» **What needs to be done**: The lines below, from the one containing "みなみinfo トップ みなみinfo" through the one containing "Elegant Red &", should be set down exactly, with no pictures and nothing else.

..........

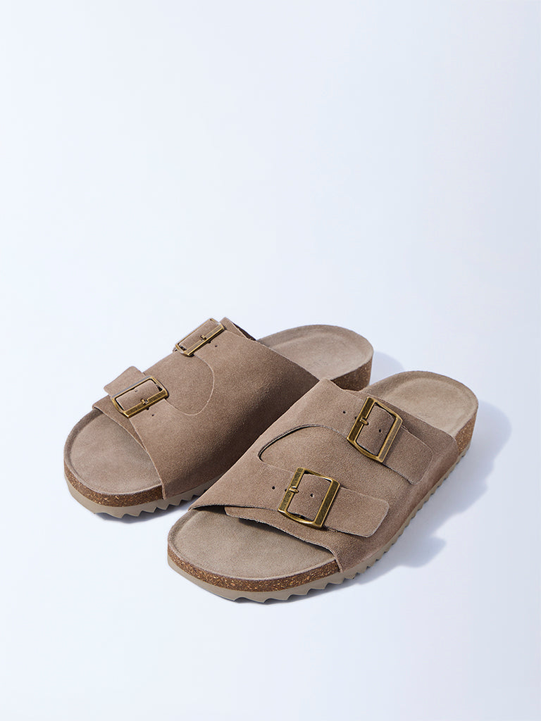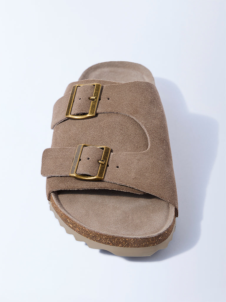 SOLEPLAY Taupe Buckle-Detail Suede Leather Sandals
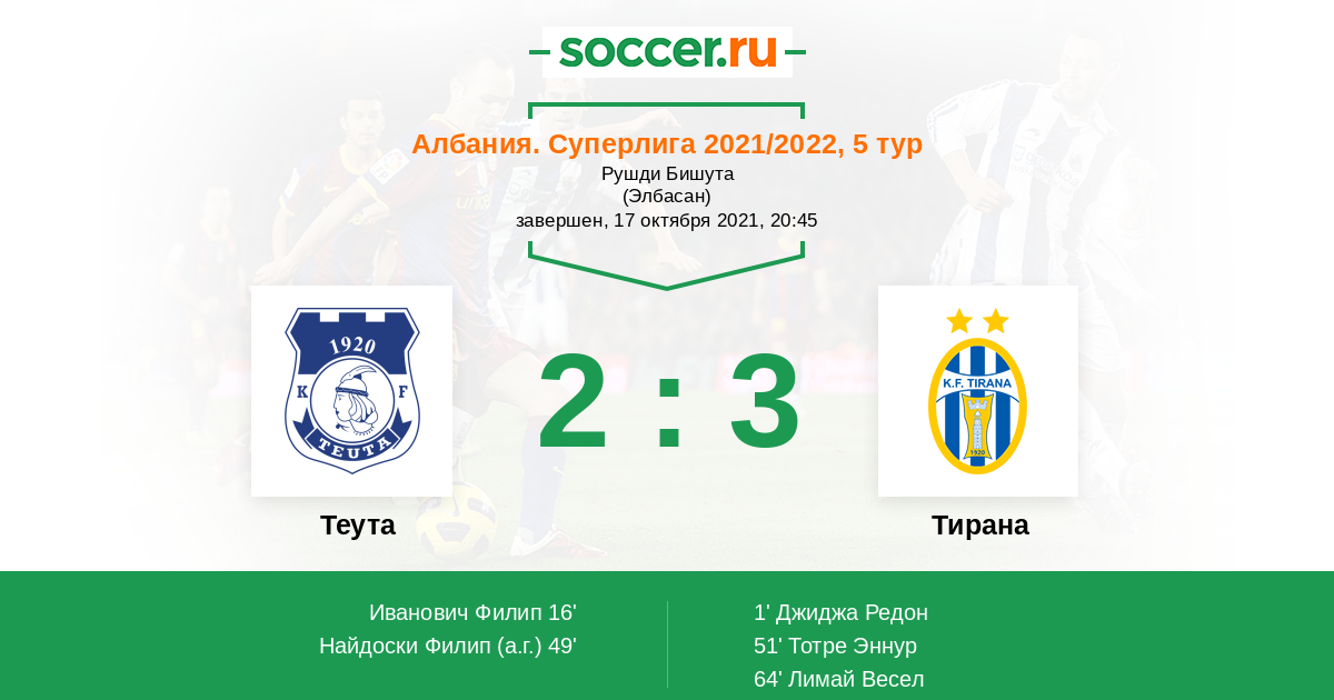 Протокол матча Теута против Тирана
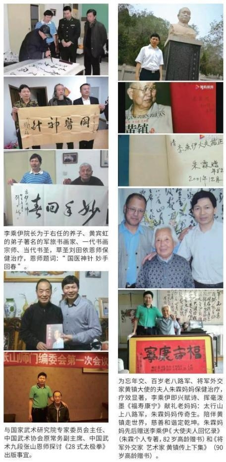 自古至今 ,每一位在人生事业上有着突出成就的学者 ,做任何事 情 都能取得一定的成绩。作为武学、 中医都精通的李乘伊教授 ,在中国书画、诗词方面也有极高造诣 ,即兴赋诗 1000 多首 ,并在 2014 年正式拜千古草圣于右任先生养子、书画巨擘黄宾虹先生弟子 刘田依大师为师系统学习中国书画鉴 定和“标准草书千字文大字典” 的整理、编辑、宣传、推广工作。他的书画作品被多国政要、将军、 企业家收藏。
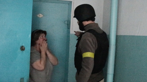 Оскільки серед вилучених документів була моя акредитація ЗСУ, викликали ЗСУ. З'явилися троє суворих, озброєних мало не ядерними бомбами людей.
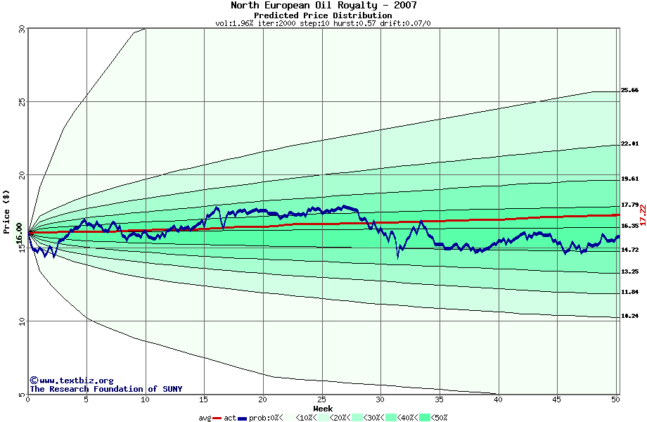The following graph plots the year-to-date performance of the stock for 2007 compared to the probability calculated by a random walk model.
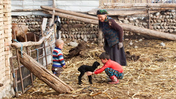 沿着景区道路继续向里走,就是哈萨克牧民的村庄。冬天不用上山放牧,整个村庄都处于假期状态。村口的大片空地成了孩子的游乐场,年轻男人聚在家门口聊天,牛和马栓在路边。羊群围在院子的食槽里吃草。
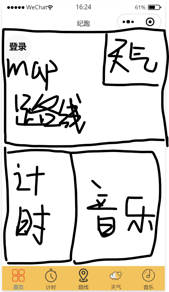 后续首页不会出现tabBar,需要点击分区模块进入其他页面。
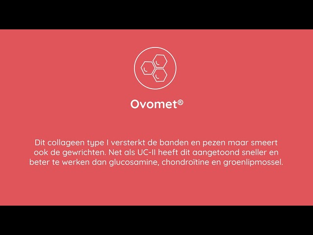- Collageen type I (Ovomet®): versterkt niet alleen de banden en pezen rond de gewrichten, maar “smeert” ook de gewrichten. Het wordt gewonnen uit het vlies van eierschaalmembranen en is een natuurlijke bron van collageen, hyaluronzuur en chondroitine sulfaat.
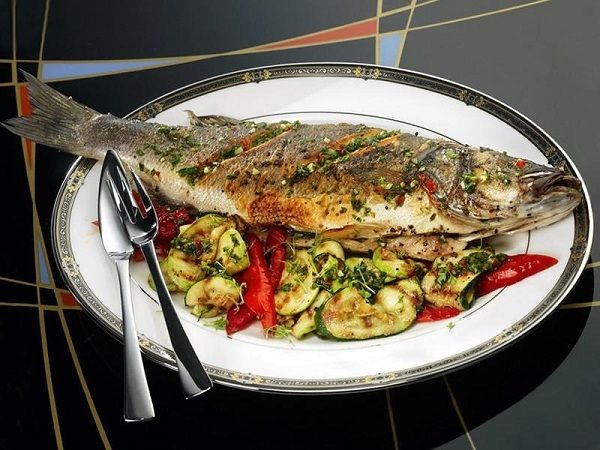 К столу жареный сибас обычно подаётся с овощным гарниром или салатом.
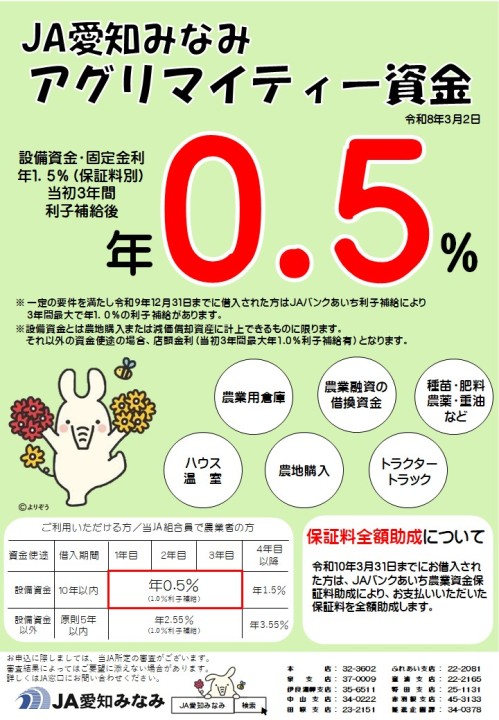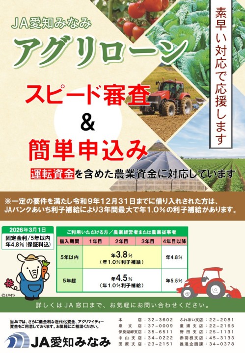 みなみinfo トップ みなみinfo 選べる2つの農業資金 2026年03月02日 JAバンク 選べる2つの農業資金 シェア Tweet 低金利をご希望の方はこちらがお勧め! ≫詳しくはこちら≪ 早さ簡単さをご希望の方はこちらがお勧め! ≫詳しくはこちら≪ 記事一覧はこちら
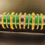 Elegant Red & Green Stone Bangle Set + Primum Quilty 4pc Moti Bangles FREE.
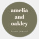 Bold Minimalist Boho Olive Green Retro Simple Custom Wedding Classic Round Sticker
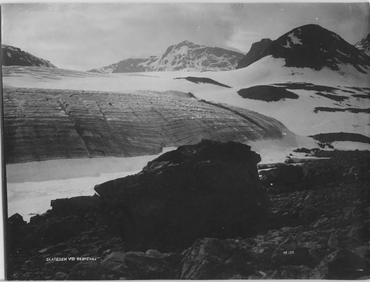 'Glaciärkanten vid Kebnekajse. Snöklädda bergstoppar. :: :: Ingår i serie med fotonr 4871-4879.'
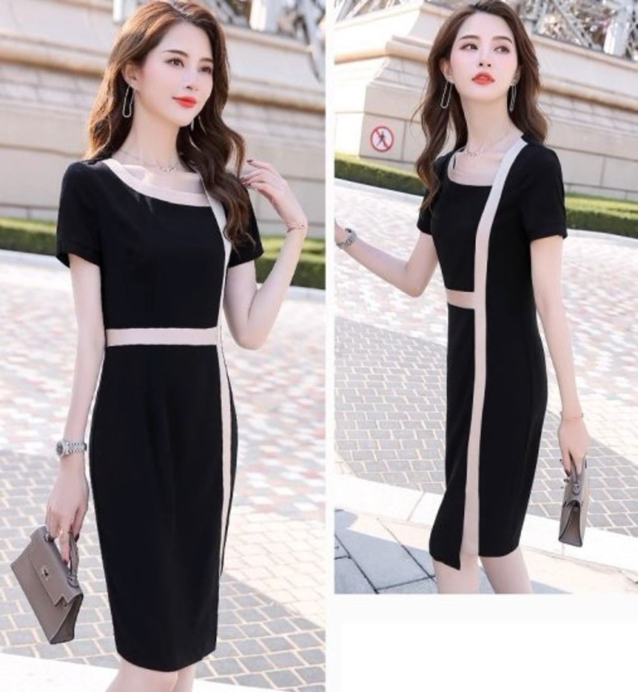 ワンピース レディース 半袖ワンピース バイカラー タイトワンピース ラウンドネック ひざ丈 ミモレ丈 ライン クラシカル レトロ スタイリッシュ きれいめ おでかけ お呼ばれ オフィス おしゃれ
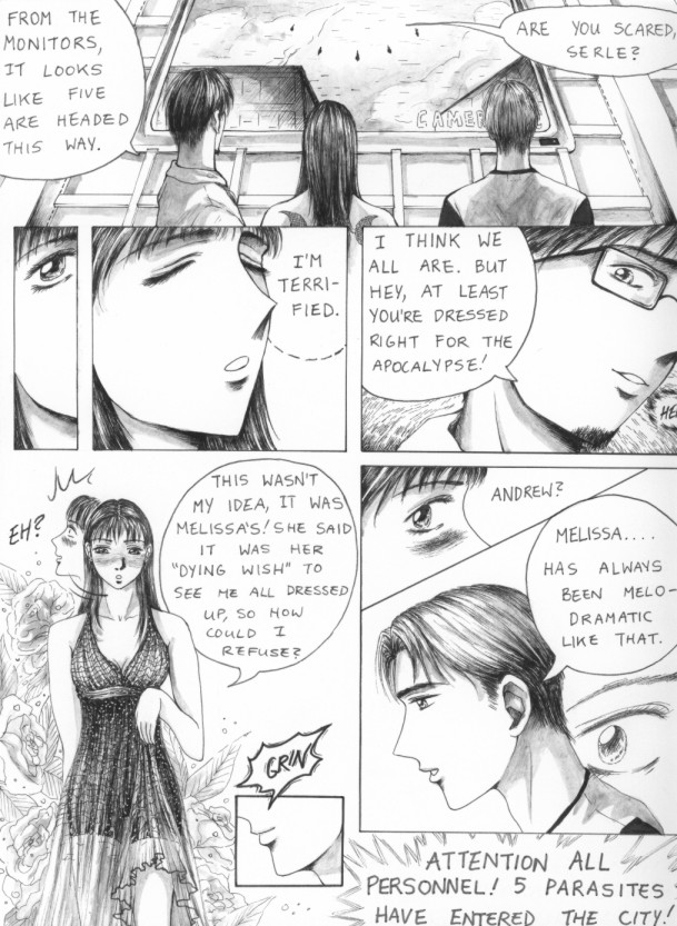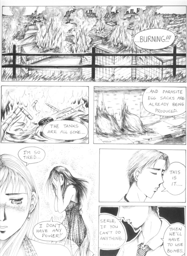 One month later, the parasite mass breaks apart and the battle begins. Serle has a vision of the parasites coming and doubles over in pain.
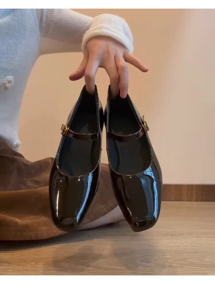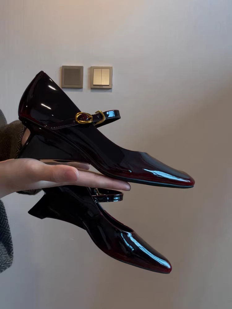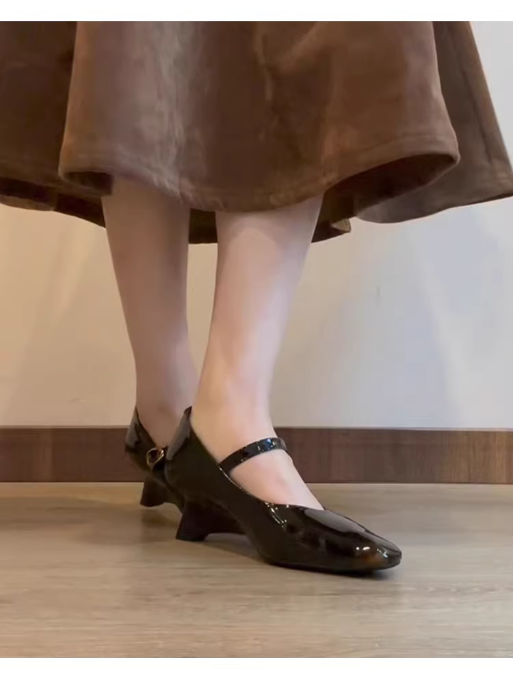 Phiên bản da cừu ~ Giày Mary Jane màu hổ phách mới dành cho nữ, quai đơn, gót wedge, mũi vuông, giày da nhỏ, giày cao gót da thật
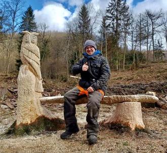 16:00 bis 17:00 Uhr Live-Schnitz-Act des Holz- und Kettensägenkünstlers Robin Rosenthal aus Niederfischbach vor der Sparkasse
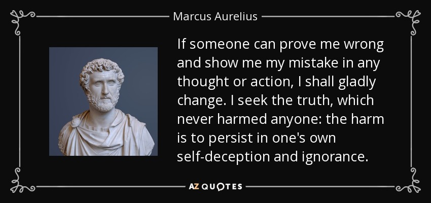 If someone can prove me wrong and show me my mistake in any thought or action, I shall gladly change. I seek the truth, which never harmed anyone: the harm is to persist in one's own self-deception and ignorance.
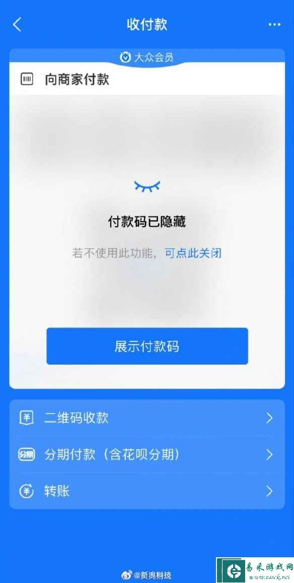 支付宝官方微博今天(4月17日)宣布,支付宝目前已经正式上线“付款码隐私保护功能”,功能开启后可自动隐藏付款码。
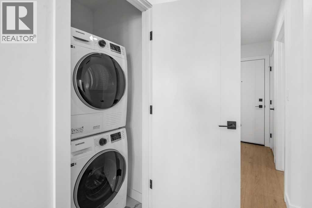 Experience sophisticated urban living at West Plaza. Brand new and never occupied, this beautifully appointed 2 bedroom, 2 bathroom condo features interiors curated by Truman’s award-winning design team.Designed for comfort and style, the home offers a private balcony, air conditioning with a smart Wi-Fi thermostat, premium LVP flooring with acoustic underlay, and roller-shade window coverings throughout. The open-concept layout welcomes you with lofty 9-foot ceilings and brilliant natural light, enhanced by custom contemporary LED fixtures that keep the space bright and airy.The stunning modern kitchen is made to impress, featuring floor-to-ceiling ergonomic cabinetry, polished quartz countertops, deep drawers, a full-height contemporary backsplash, and a gas range—perfect for cooking and entertaining.The primary suite is your private retreat, complete with a spa-inspired ensuite showcasing quartz countertops, a sleek glass-enclosed shower, and environmentally conscious fixtures that elevate the everyday.The main 4-piece bathroom is finished with polished quartz countertops, a modern square-edge tub, and sleek contemporary fixtures for a clean, spa-inspired feel.Additional highlights include in-suite laundry, titled underground parking, and a dedicated storage locker. Residents enjoy premium amenities such as a fully equipped fitness centre and an inviting owners’ lounge, all complemented by a 5-star hotel-style lobby and designer-inspired common areas.Ideally located, you’re just steps from boutique shopping, some of Calgary’s best dining and cafés, and the greenery of Radio Park. ** Some images have been virtually/digitally staged to illustrate possible furnishings and layout. **Some images have been virtually/digitally staged to illustrate possible furnishings and layout. (id:63190)
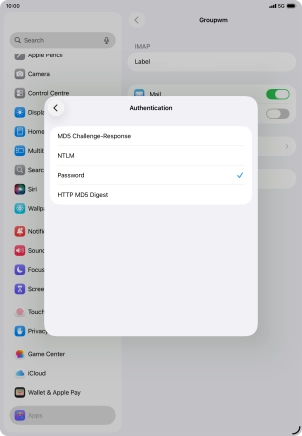 Press Username and key in the password for your email account. Please note that if you're using Vodafone's outgoing server, leave the password field empty.
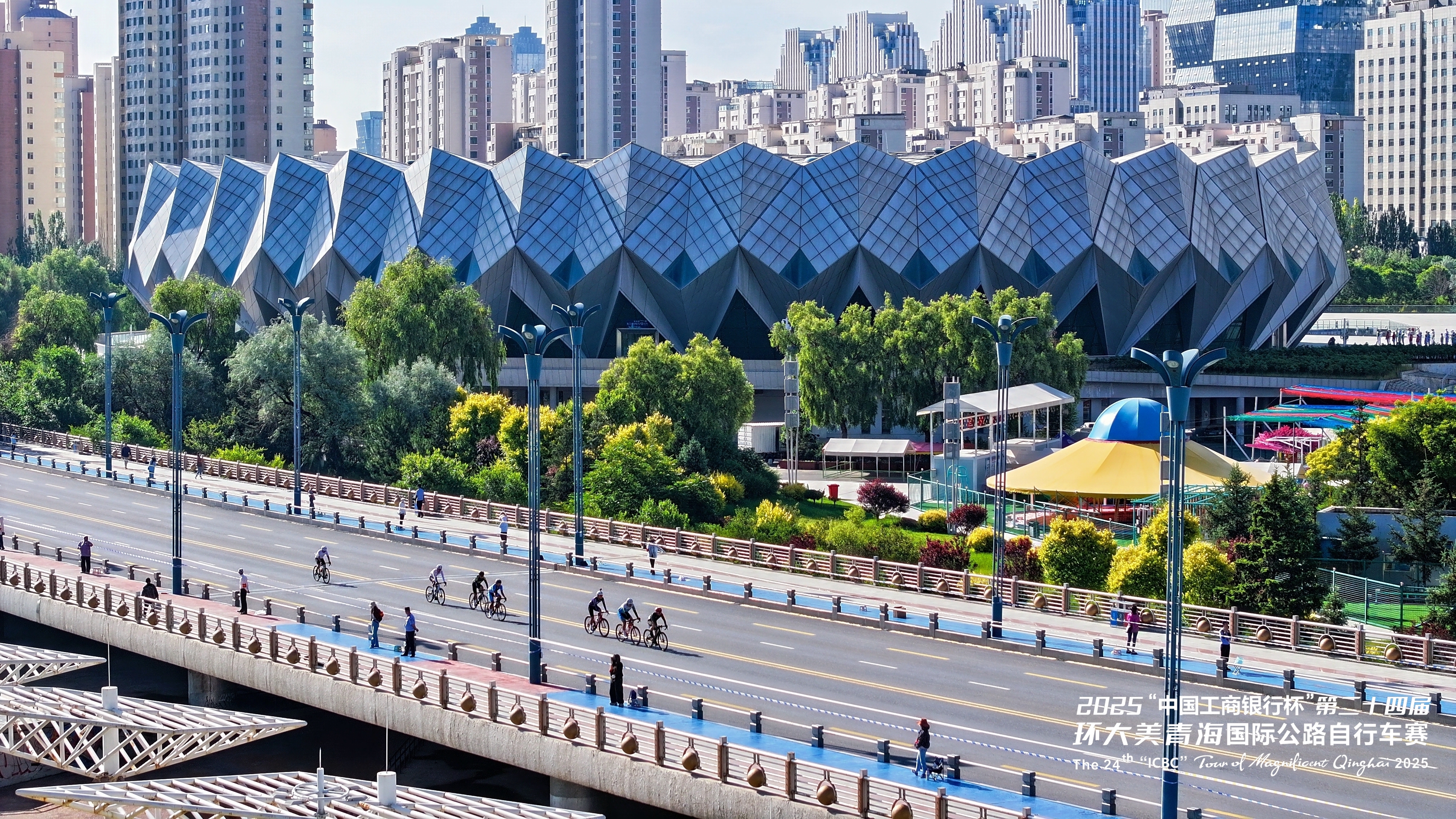 第二十四屆環(huán)青賽的第一賽段——西寧繞圈賽,選手們穿行于西寧市繁華的鋼鐵森林中,感受這座高原古城的現(xiàn)代活力。圖為選手們騎行至青海體育中心。
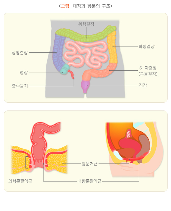 대장은 기다란 관 모양으로 위치에 따라 맹장, 상행결장, 횡행결장, 하행결장, S-자결장(구불 결장), 직장으로 나눌 수 있으며 총 길이는 1.5 m 입니다. 대장의 내용물은 대부분 음식물 찌꺼기와 수분, 전해질, 세균 그리고 가스로 이루어져 있습니다. 대장은 이 중 수분과 전해질을 흡수하고, 배변과 배변 사이에 장 내용물을 저장하였다가 항문 밖으로 배출시키는 역할을 합니다. 직장과 연결된 항문 역시 배변에 아주 중요한 역할을 합니다. 항문관의 길이는 약 3~4 cm이며, 주변에 내항문괄약근, 외항문괄약근, 항문거근 등 배변과 관련한 근육이 많이 분포해 있습니다.
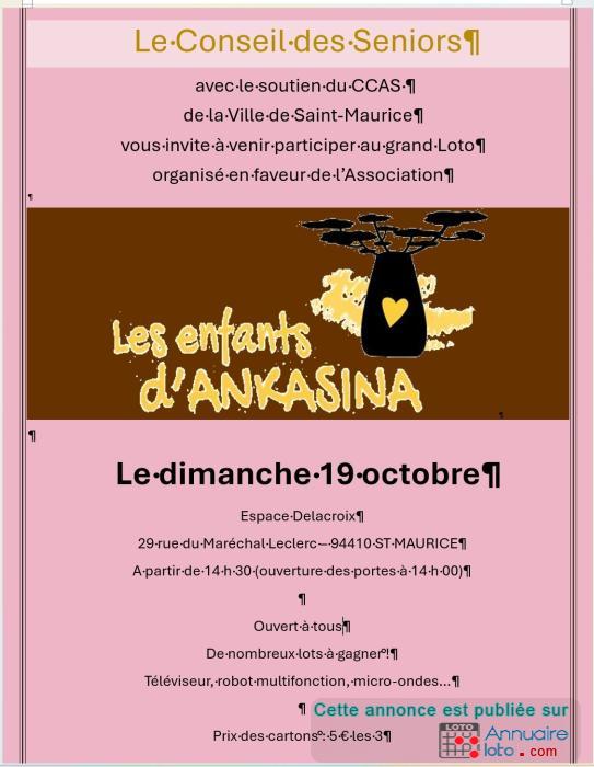 Loto des Séniors organisé par le CCAS en faveur de l’Association "Les" Enfants d'Ankasina" (Madagascar)
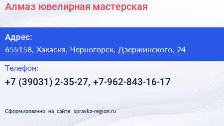 Алмаз, ювелирная мастерская по адресу 655158, Хакасия, Черногорск, Дзержинского, 24 в дальнейшем Организация, размещена в следующих категориях:

..........

» **Written answer**:
 みなみinfo トップ みなみinfo 選べる2つの農業資金 2026年03月02日 JAバンク 選べる2つの農業資金 シェア Tweet 低金利をご希望の方はこちらがお勧め! ≫詳しくはこちら≪ 早さ簡単さをご希望の方はこちらがお勧め! ≫詳しくはこちら≪ 記事一覧はこちら
 Elegant Red & Green Stone Bangle Set + Primum Quilty 4pc Moti Bangles FREE.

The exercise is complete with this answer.